According to Kramer and Darrell (366) “so long as racism exists within society at large, it will be found within the criminal justice system.” This is because the attitudes, assumptions, policies within the justice systems are greatly influenced by the overt bias fueled by racism. The statistics for arrests and capital punishment data for juvenile offenders provide groundbreaking analysis on the use of race by public authorities as an indication of risk to increased criminality. Nationwide each year, police make 2.2 million juvenile arrests, 1.7 million cases are referred to juvenile courts, an estimated 400,000 youths cycle through juvenile detention centers, and nearly 100,000 youths are confined in juvenile jails (Darrell and Demuth, 146). The issue becomes more profound when this data is analyzed along racial lines. According to Justice Policy Institute (31), “while African American, youth represent 17% of their age group within the general population, they represent 46% of juvenile arrests, 31% of referrals to juvenile court, and 41% of waivers to adult court.”
Statistics availed at the community and national levels reveal disparity in the delivery of justice along racial lines. The commonly used phenomenon “driving while black” indicates the levels at which assumptions and myths impede on equal delivery of justice. In fact, persons of minority origins experience higher rates of traffic stops and traffic-related crimes than whites. Other studies illustrate that “thirty-eight percent of prison and jail inmates are African American, compared to their 13% percent share of the overall population; Latinos constitute 19% of the prison and jail population compared to their 15% share of the population” (Justice Policy Institute, 31).
In conclusion, the public authorities in the United States have long used race as a signal of an increased risk of criminality. Research reviewed indicates that historical legal cases, the detentions of persons of Japanese origins during World War II and data revealed by state organs and research studies abide in the fact that disparate treatment of persons of color occurs incrementally across the entire spectrum of America’s criminal justice system. Race and ethnicity matter within the justice system based on the severity and types of the crimes.
Borjas, George. Heaven’s Door: Immigration Policy and the American Economy. Princeton: Princeton University Press, 1999. Print.

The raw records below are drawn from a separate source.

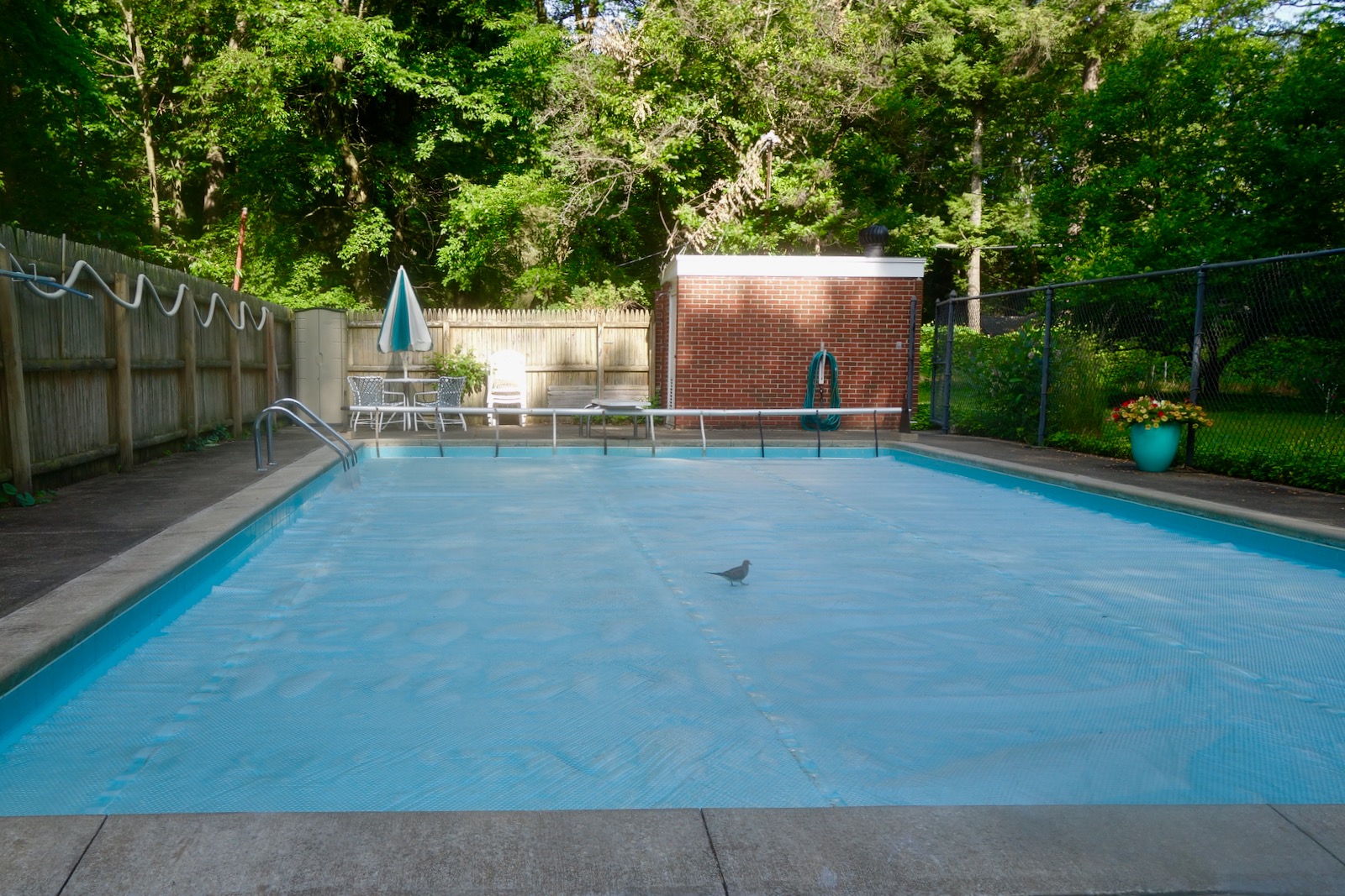 We were down at the pool before the sun was up this morning, forced out of our house while Town & Country treated the perimeter for carpenter ants. It is supposed to be non-toxic, a synthetic concoction of chrysanthemum and oyster shells. He doesn’t even wear a mask. But that’s not saying much. We brought the papers, our devices and a pot of coffee down here while he did his thing.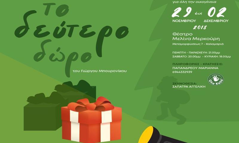 Η θεατρική ομάδα «Όλα Καλά» σε συνεργασία με τον Σύλλογο Γονέων και Κηδεμόνων του Ασύλου του Παιδιού, μετά τις επιτυχημένες sold out παραστάσεις στην πρώτη της εμφάνιση, επιστρέφει και παρουσιάζει «το δεύτερο δώρο», σε κείμενο του Γιώργου Μπουρονίκου και σκηνοθεσία Αγγελικής Σαπάτρα. Η παράσταση ανεβαίνει στο Δημοτικό Θέατρο Καλαμαριάς «Μελίνα Μερκούρη» (Μεταμορφώσεως 7) ενώ τα έσοδα θα δοθούν στον Σύλλογο Γονέων & Κηδεμόνων για τις ανάγκες του σχολείου του Ασύλου του Παιδιού.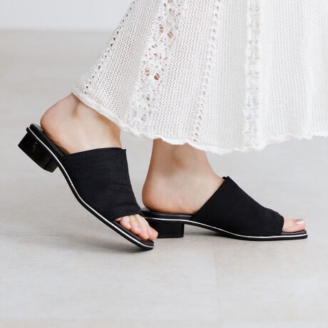 さっと履けて、包み込むように肌に寄り添うストレッチ素材が甲をしっかりとホールドし、快適な履き心地を叶えるミュールサンダル。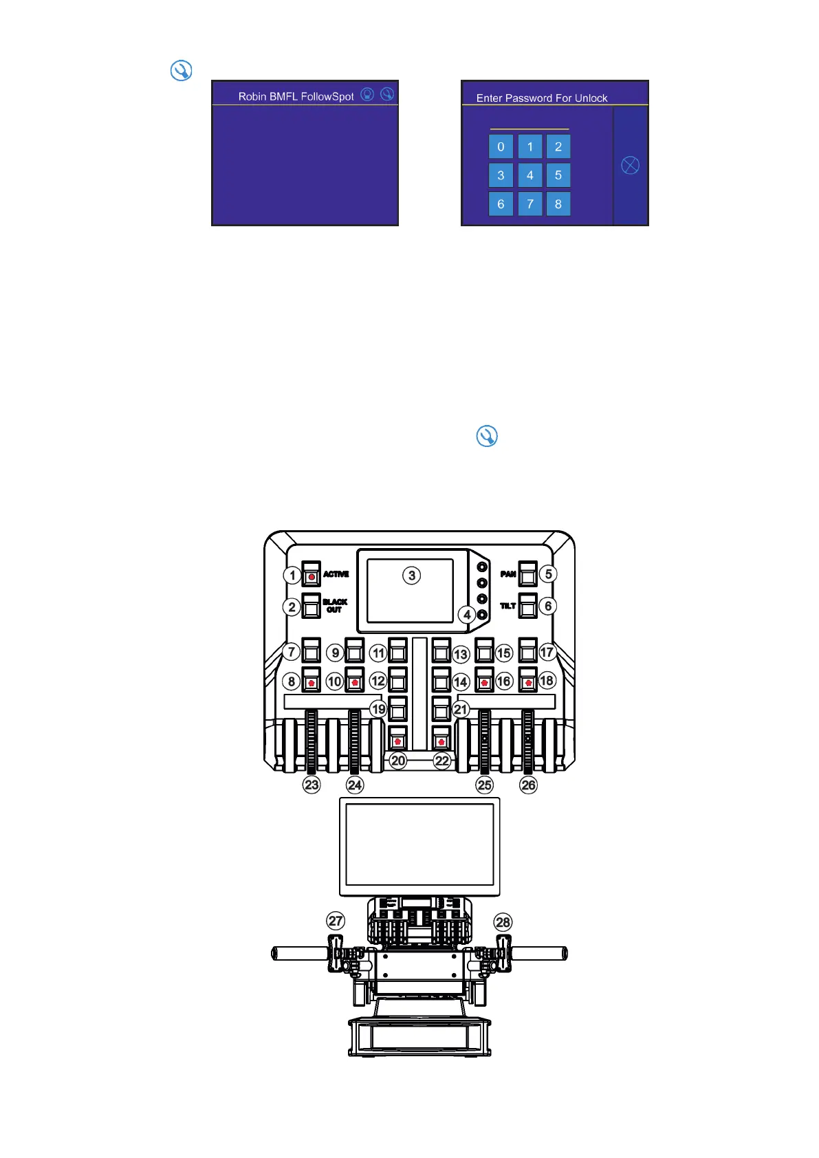 Touch the icon on the FollowSpot Controller to display the password entering screen: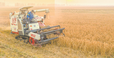 江苏省泗洪县临淮镇大型收割机在收割晚稻。张连华摄
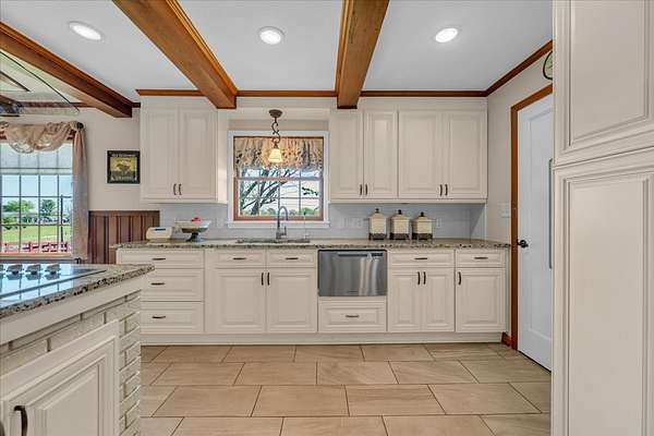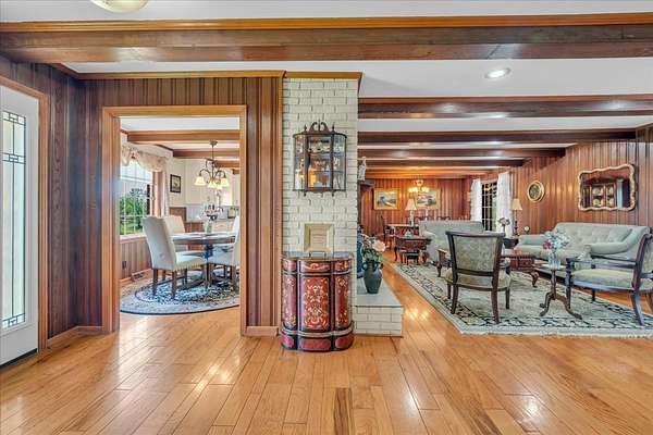 Set in a beautiful countryside setting in Rock Island, this 3 bedroom, 3 bath home offers the space, functionality, and flexibility that’s getting hard to find. Inside, the home is full of character and warmth, featuring exposed wood beams, rich wood flooring, and a spacious living area centered around a brick fireplace. The layout flows naturally into the kitchen and dining area, where granite countertops, updated finishes, and natural light create a comfortable and inviting space for everyday living. A dedicated office or flex room adds even more versatility for work-from-home or hobby use.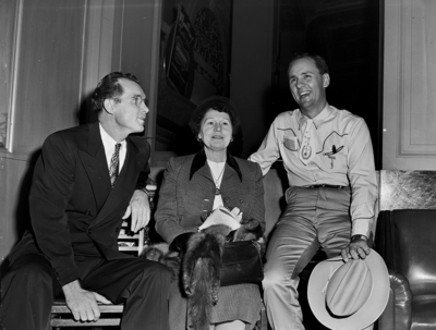 Pictured with Mrs. J. Howard Hodge of Midland, president of the Texas Federation of Women's Clubs, are Delbert Downing, manager of the Midland Chamber of Commerce, left, and Duke Jimerson, director of the Midland Lions International Official Band. Published in the Fort Worth Star-Telegram morning edition, November 17, 1950.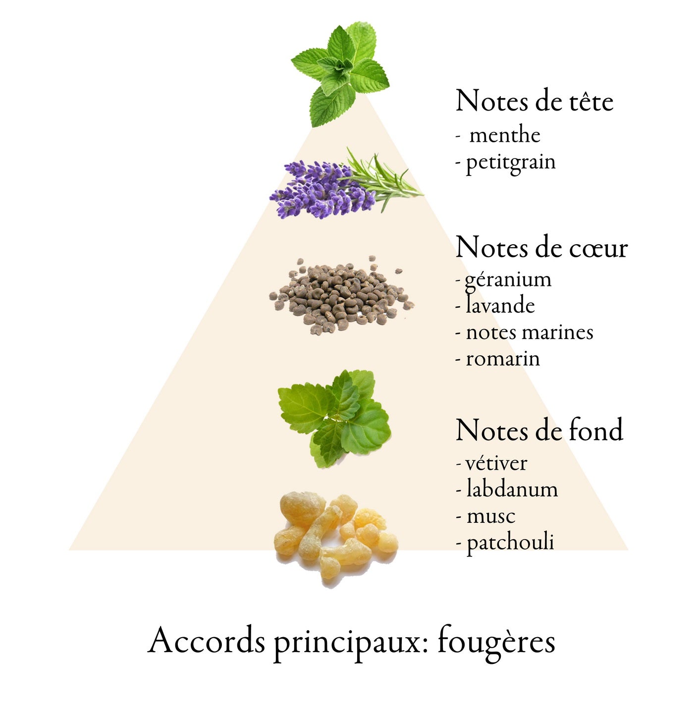 Heart notes: geranium, lavender, sea notes, rosemary.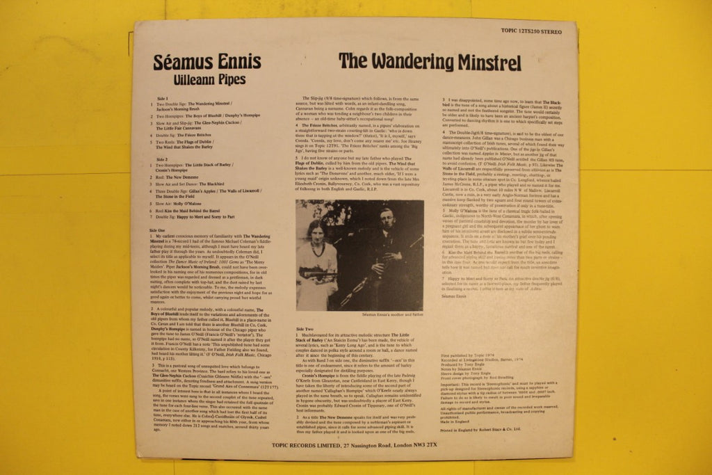 According to Goldmine rating standards, this record is in overall VG condition. The vinyl disc is rated VG+ and the sleeve is rated VG. A mint, or near mint copy of this disc may sell for $29 or more. Our price is $10.99. Additional Notes: Reissue, Blue Label, Matches discogs: https://www.discogs.com/release/8670206-Seamus-Ennis-The-Wandering-Minstrel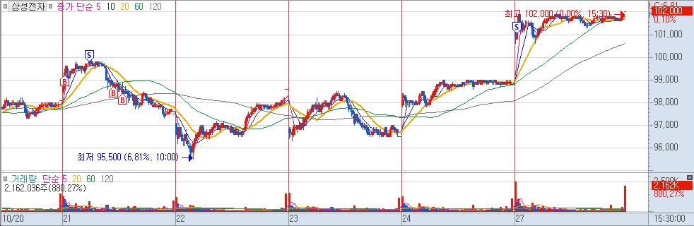10만전자가 코앞이라 기념으로 매수함.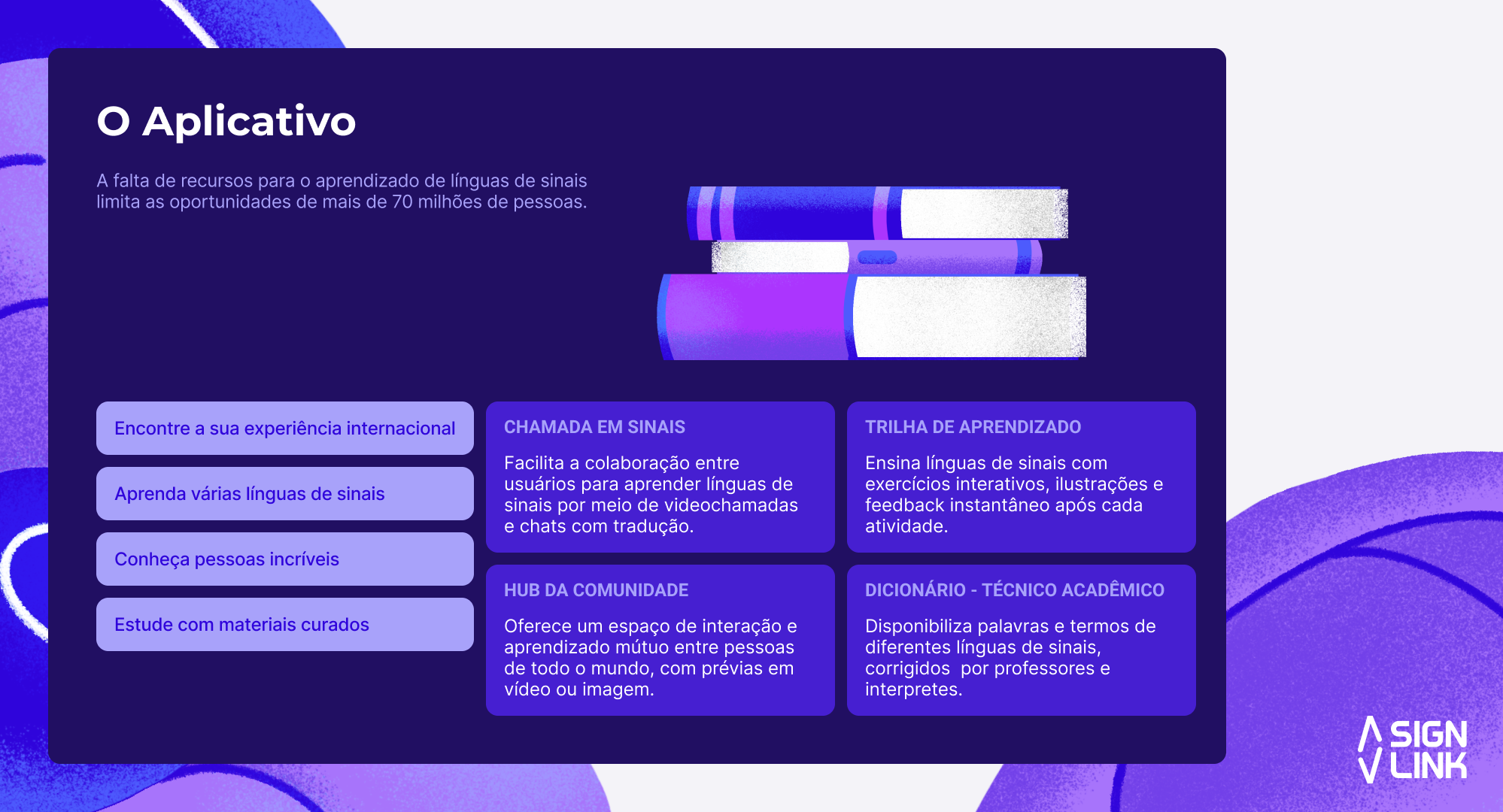 Votar neste projetoA Sign Link é uma plataforma digital que ensina línguas de sinais de forma acessível, colaborativa e escalável. Em pré-lançamento, já conta com mais de 250 usuários e parcerias em execução com universidades, empresas e governos que acreditam no impacto positivo da solução. Suas principais inovações incluem trilhas de aprendizado gamificadas, dicionário interativo e colaborativo em múltiplas línguas, prática com falantes nativos e correção personalizada por inteligência artificial treinada em OpenCV e redes neurais com materiais validados por acadêmicos e pela comunidade surda. Diferente de outros projetos, apoia também familiares, amigos e colegas que desejam se aproximar da comunidade surda de forma respeitosa, sem impor a adaptação ao mundo ouvinte. Até 2027, pretende impactar mais de 20

Darrell, Steffensmeier, and Demuth Stephen. Ethnicity and Judges’ Sentencing Decisions: Hispanic-Black-White Comparisons. Criminology 39: (2001): 145-178.
Justice Policy Institute. Reducing Disproportionate Minority Confinement: The Multnomah County, Oregon Success Story, and its Implications. Washington, D.C: 2002. Print.
Kennedy, Randall. Race, crime, and the law. University of California. Vintage Books. 1997. Print.
Kramer, John and Darrell Steffensmeier. Race and Imprisonment Decisions, Sociological Quarterly. 35, 2 (1993): 357-376. Print.